The International Atomic Energy Agency (IAEA) will continue providing assistance to the countries who want to develop small and medium-sized reactors (SMRs), IAEA Director General Yukiya Amano told reporters at the IAEA International Ministerial Conference on Nuclear Power in the 21st Century held in St. Petersburg on 27-29 June, BelTA has learnt.
“We follow with great interest the technological development in this field and we provide assistance to the countries who want to pursue SMR programs,” Yukiya Amano noted. According to the IAEA, small and medium-sized reactors have a number of advantages: they are compact, not very expensive, safe and reliable and can be produced at a regular industrial company. “Such reactors will benefit countries who do not operate large power grids,” Yukiya Amano added.

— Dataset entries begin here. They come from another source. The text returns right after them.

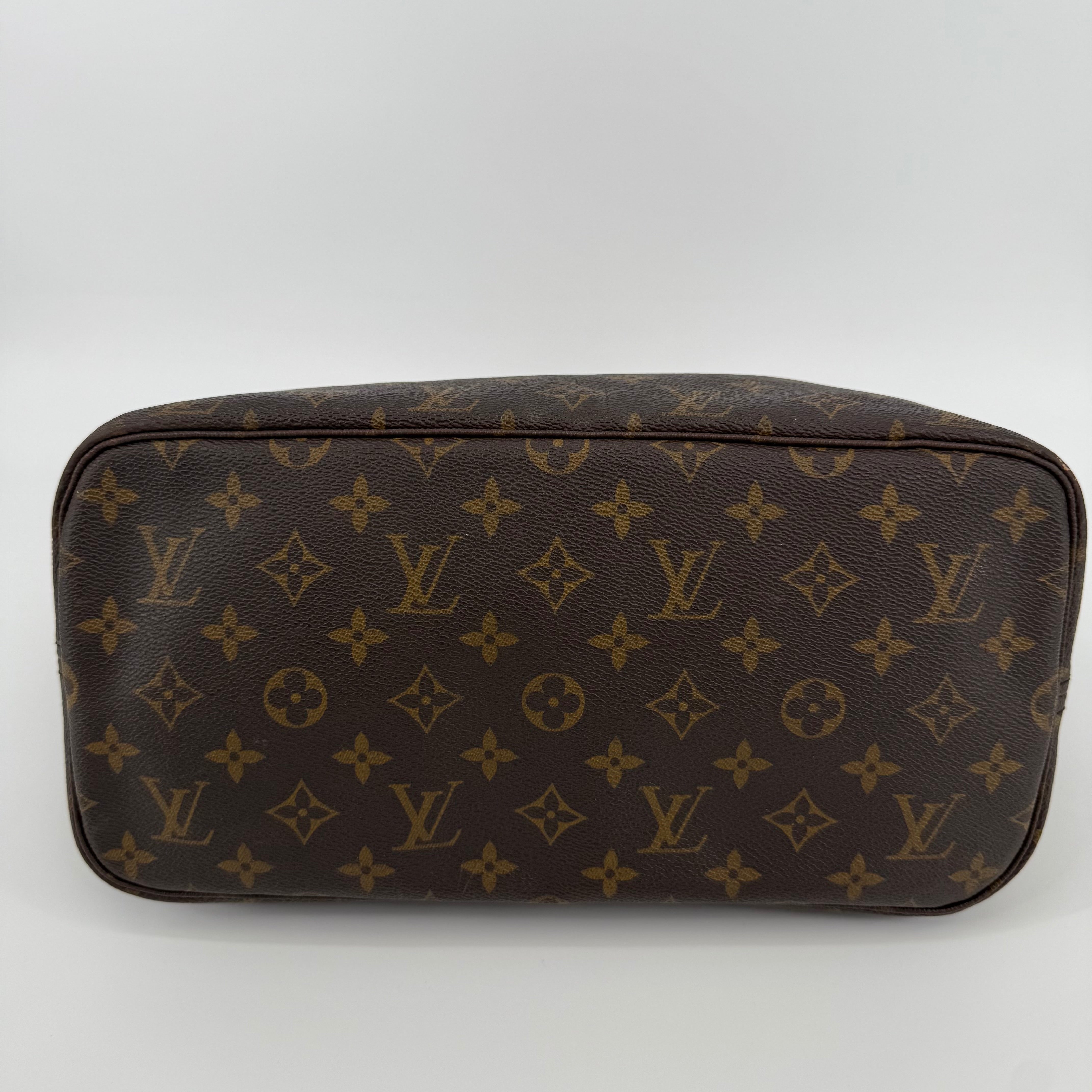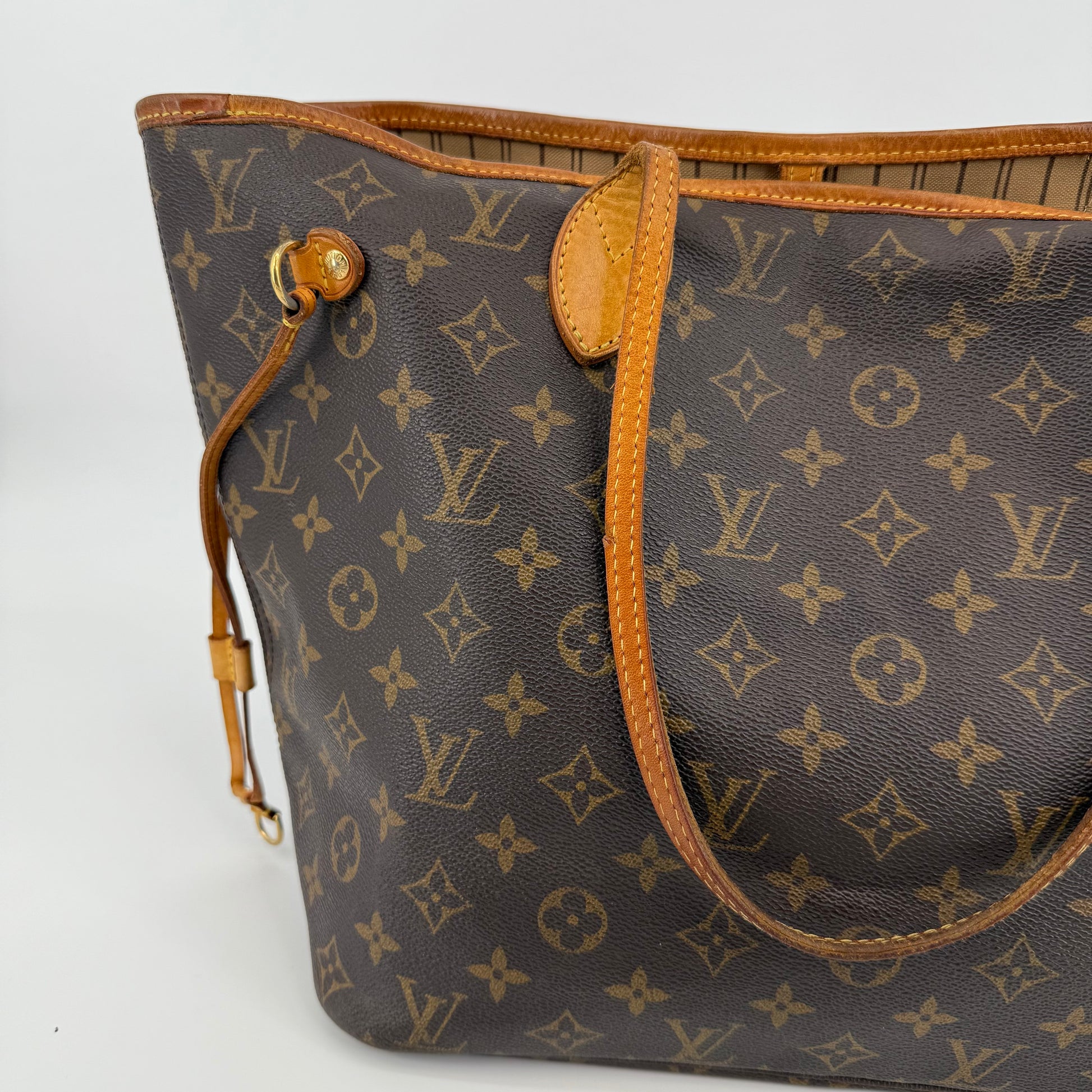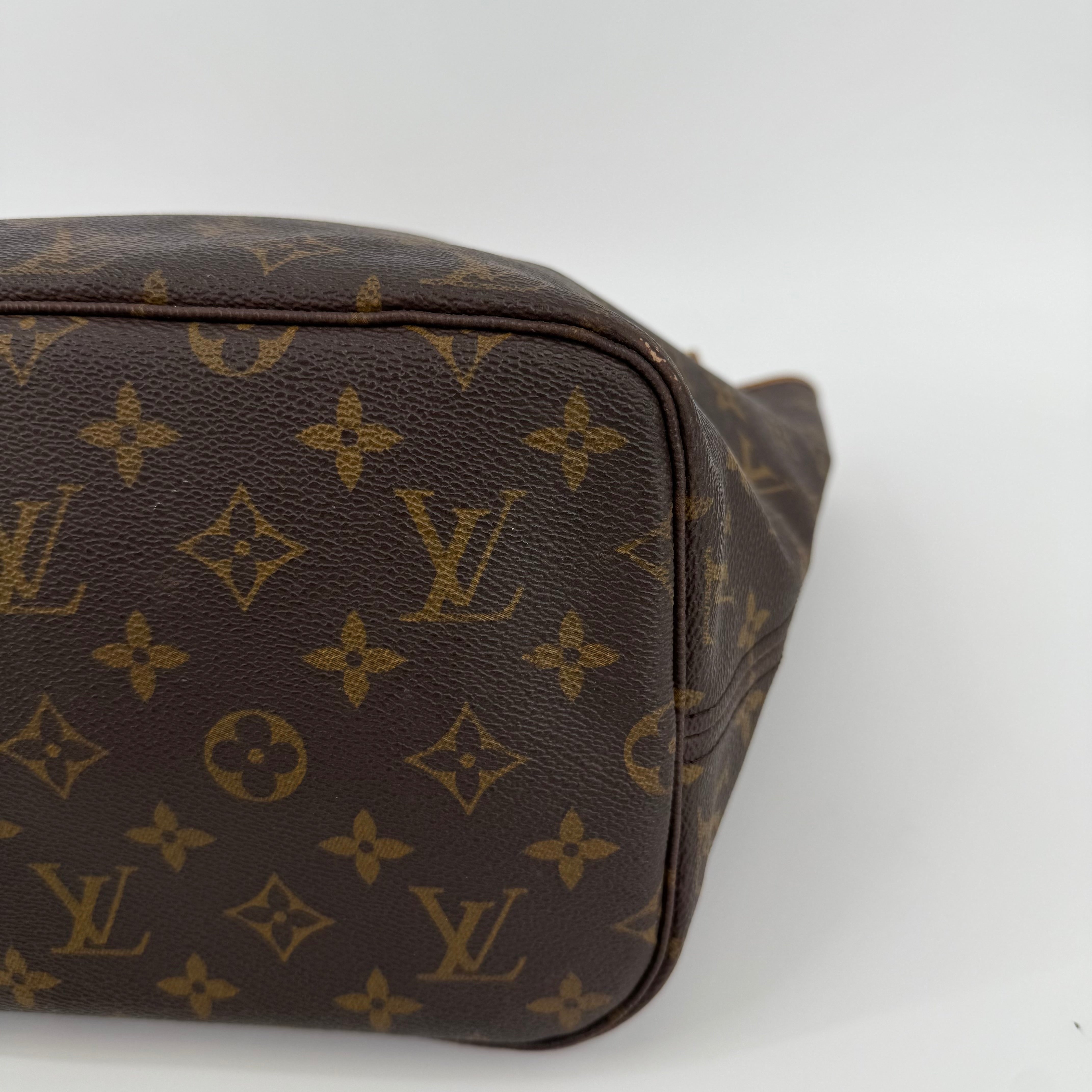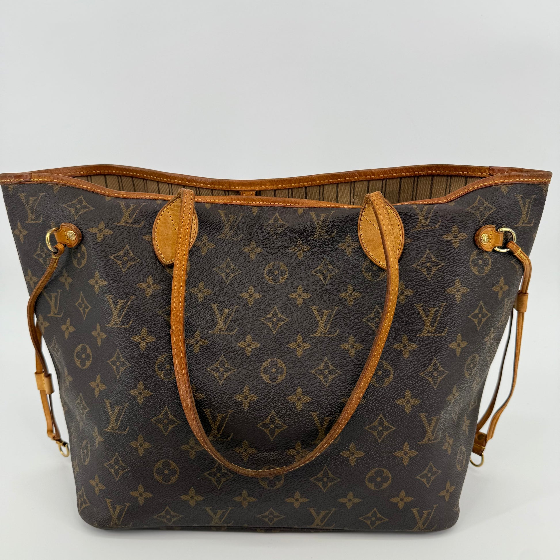 Louis Vuitton Monogram Neverfull MM in classic brown coated canvas with natural vachetta leather trim and shoulder straps. Features adjustable side laces to alter the shape, gold-tone hardware, and a spacious open interior with a striped lining and zip pocket. Lightweight, durable, and iconic—perfect for everyday carry with moderate, age-appropriate wear.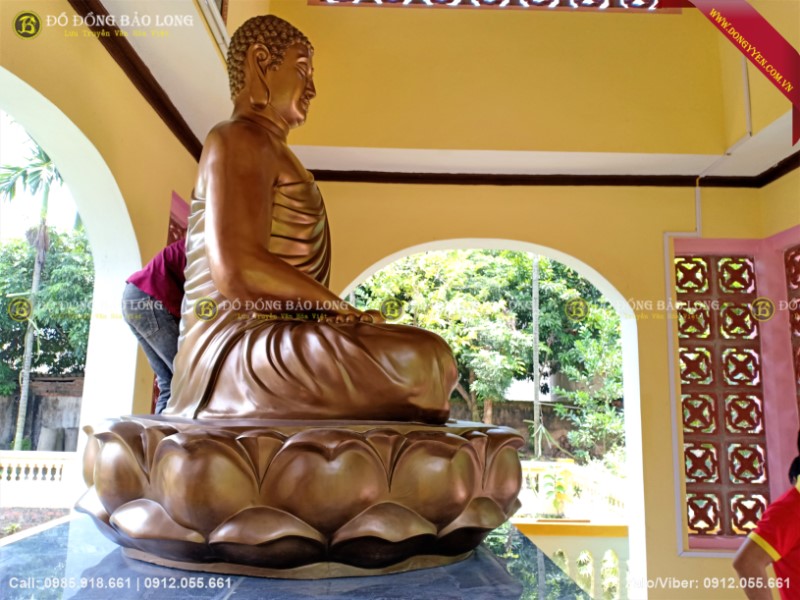 Cơ sở đúc đồng Bảo Long đúc hoàn thiện pho tượng Phật Thích Ca ngồi đài sen cao 1m8 theo yêu cầu, đã lắp đặt và an vị tại chùa nội Phật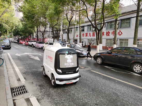 A robot delivering parcels in Wuhan. (Photo/People's Daily Online)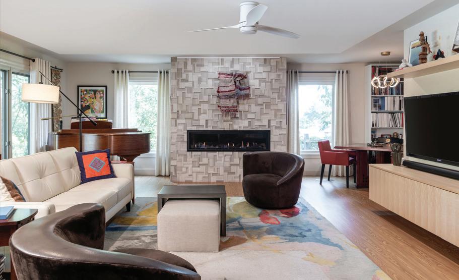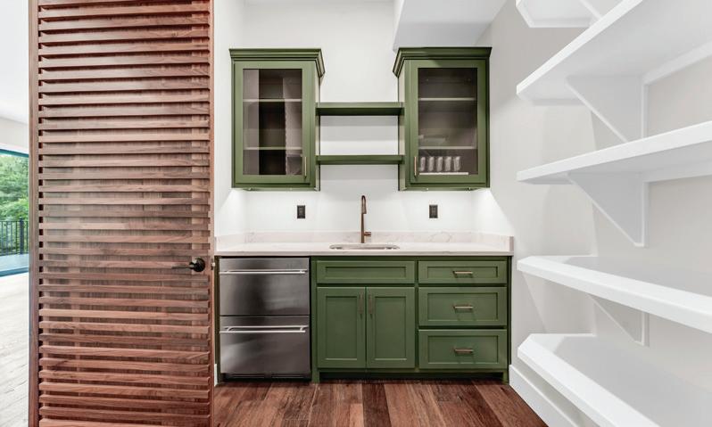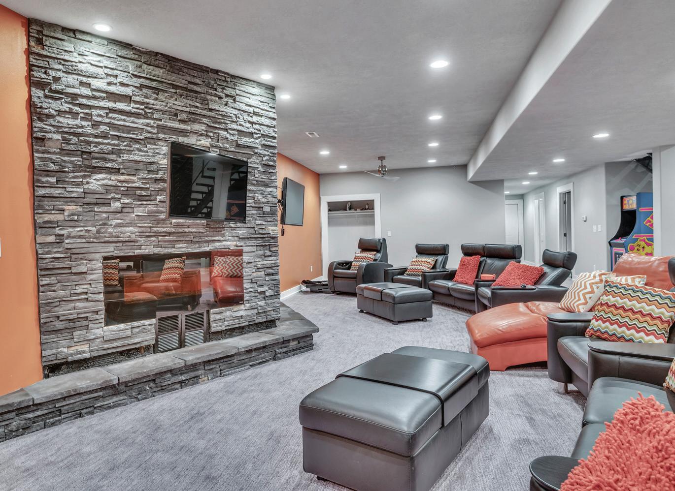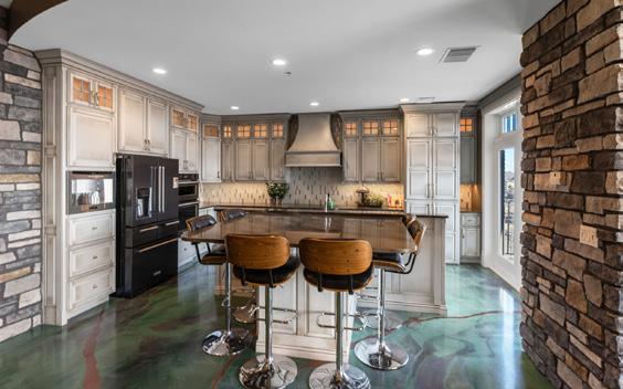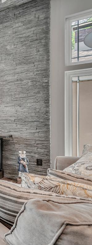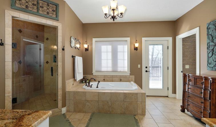en-suite includes a double sided fireplace, dual vanities, a walk in shower, and a jetted tub. Two bedrooms share a jack and jill bathroom and the other bedroom features its own en suite. A second staircase from the second level allows quick access to the family room and kitchen area. Moving to the lower level, you’ll find an additional living room with a custom built-in entertainment system, bar with kitchenette, and a temperature controlled wine room, a full bathroom with a tiled walk-in shower, den, and storage space. This space provides great opportunities to incorporate a fitness studio, a hobby space or rec room. Two separate staircases accessing this lower level provide added convenience. Exterior amenities include an attached oversized side load four stall garage with a built-in locker system and ample storage, mature landscaping, irrigation system and a park like private backyard. Additional amenities include a Lutron light system, sound system, central vac, professionally designed and decorated fixtures and appointments throughout, multiple fireplaces, and much more. This kind of opportunity is a rare find. Don’t miss it!

Director General of the Nuclear Energy Agency (NEA) of the Organization for Economic Cooperation and Development (OECD) Luis Echavarri said that this question was raised during one of the sessions of the conference. Several countries have been working on SMR designs. Luis Echavarri thinks that such reactors will enter the market in four-eight years’ time. Large reactors are difficult to incorporate into underdeveloped power systems. “The countries which lack financing for the construction of large rectors will be able to solve this problem using small and medium reactors,” Luis Echavarri noted.
The development of small and medium-sized reactors is an example of the diversification of technologies for supplying the demand of the countries and regions with limited possibilities. The final resolution of the IAEA conference in St. Petersburg reads that small and medium-sized designs can be effectively used for wider nuclear energy production in the regions which do not have large power grids and in geographically isolated regions.
However, the conference participants stated that in global terms and in terms of increasing the stability of future nuclear systems the key development areas of nuclear power technologies are fast neutron reactors, closed fuel cycle and nuclear fuel recycling.